Training First Model (with Code)¶

Prerequisites¶

you cloned the Noether Framework
you have the recipes/aero_cfd/ folder in the repo
you prepared the ShapeNet-Car dataset

The fetching and preprocessing instructions are in the README.md located in the src/noether/data/datasets/cfd/shapenet_car/ folder. Review them first and proceed with the next steps when ready.

What we build in this tutorial¶

We will build a training run in Python code (no YAML). The code produces the same config object that the CLI would normally create.

You will learn:

how the config is structured (datasets, model, trainer, callbacks)
what dataset stats/specs and normalizers do
how to start training with HydraRunner().main()

Implementation¶

Overview¶

Sometimes you want to run training via code. We get it.

Previously we covered how to train using CLI and configs, now we will focus on making things to work via the Python code.

Relevant files for this can be found under src/noether/training/ folder. Let’s briefly go over it:

training/callbacks - callbacks executed during and post training
training/cli/ - the CLI definition that we use in the previous tutorial
training/runners/ - core Hydra runner logic that we will use to make the code to work
training/trainers/ - BaseTrainer that can be extended downstream, used directly in the Hydra runner

In this tutorial we skip yaml configs and build the run config in Python.

Note

The example code below uses typed configs and many small schema classes. If this looks overwhelming, don’t worry: it will make sense as you follow the steps.

Step 1: Create an entry point¶

Let’s create a new file recipes/aero_cfd/train_shapenet_upt.py and use it to run our pipeline. This file will live alongside the recipe and let us see the difference between “configs vs. code” workflows.
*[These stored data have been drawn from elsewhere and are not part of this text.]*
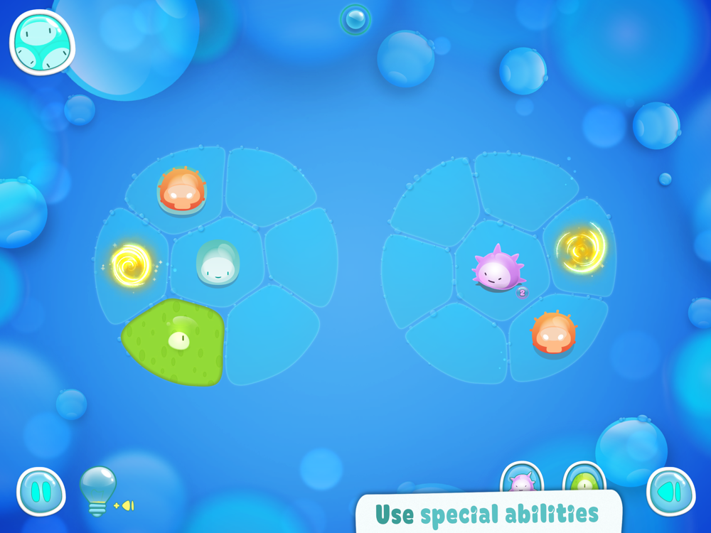 Battles take place in three locations - leaves, mold, and water. Each battleground has its own features: teleporters, bombs, or yeast which threatens to take over the whole board as it grows and grows.
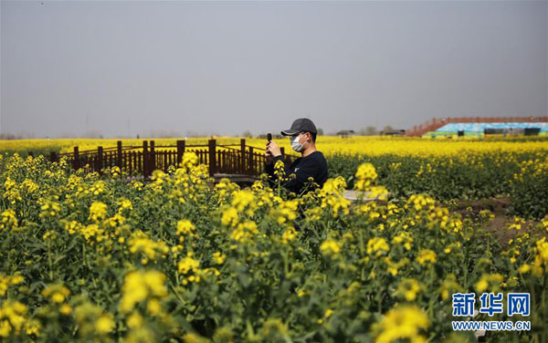 3月18日,游客在江蘇省興化市千垛景區(qū)拍照。 近日,正值江蘇省興化市千垛景區(qū)萬畝油菜花盛開期,金燦燦的油菜花在水道圍成的垛田上形成一片片金黃色的“花海”,形成了“河有萬灣多碧水,田無一垛不黃花”的壯觀景色。 新華社記者 李雨澤攝
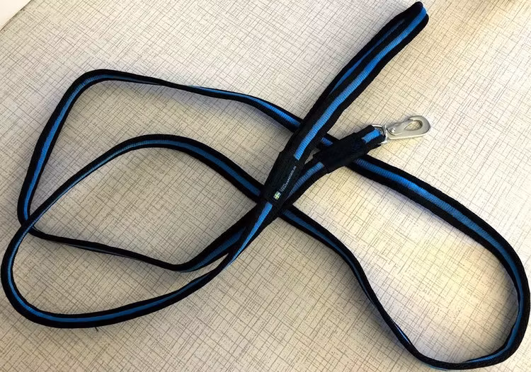 Koppel med Svenska Terapihundskolans egna färger, svart med turkost band.

Step 2: Create necessary imports¶

Most schema classes live in noether.core.schemas. They help us keep typing consistent and validate inputs at runtime. These configs are Pydantic models, so if something is wrong you will get a clear validation error.

from __future__ import annotations

from pathlib import Path
from typing import Any, Literal, Sequence

import torch

from noether.core.schemas.callbacks import (
    BestCheckpointCallbackConfig,
    CheckpointCallbackConfig,
    EmaCallbackConfig,
    OfflineLossCallbackConfig,
)
from noether.core.schemas.dataset import ModelDataSpecs, StandardDatasetConfig, DatasetWrappers, RepeatWrapperConfig
from noether.core.schemas.modules import (
    DeepPerceiverDecoderConfig,
    SupernodePoolingConfig,
    PerceiverBlockConfig,
    TransformerBlockConfig,
)
from noether.core.schemas.normalizers import AnyNormalizer, MeanStdNormalizerConfig, PositionNormalizerConfig
from noether.core.schemas.optimizers import OptimizerConfig
from noether.core.schemas.schedules import LinearWarmupCosineDecayScheduleConfig
from noether.core.schemas.statistics import AeroStatsSchema
from noether.core.schemas.models.upt import UPTConfig
from noether.training.runners import HydraRunner
from recipes.aero_cfd.callbacks import (
    AeroMetricsCallbackConfig,
)
from recipes.aero_cfd.pipeline import AeroCFDPipelineConfig
from recipes.aero_cfd.trainers import AerodynamicsCfdTrainerConfig

Let’s go over each group to better understand the outline:

Data:

noether.core.configs - the main config classes, contains configuration for all other components
noether.core.schemas.dataset - dataset related configs and types for type-hinting
noether.core.schemas.modules - building blocks of our models, we will use UPT architecture
noether.core.schemas.normalizers - data normalization configs to be applied during the data loading
noether.core.schemas.statistics - data statistics aggregation, e.g. mean, std, etc.
etc.

Training:

noether.core.schemas.callbacks - relevant callbacks for our training
noether.core.schemas.optimizers - optimizer config
recipes.aero_cfd.trainers - trainer configuration
recipes.aero_cfd.models - configs for model initialization
etc.

Execution:

noether.training.runners - orchestrators responsible for pipeline execution

Note

HydraRunner from noether comes with a few public methods: run() is used by the CLI, and main() can be used to run the pipeline via Python. We use the latter to avoid YAML files in this tutorial.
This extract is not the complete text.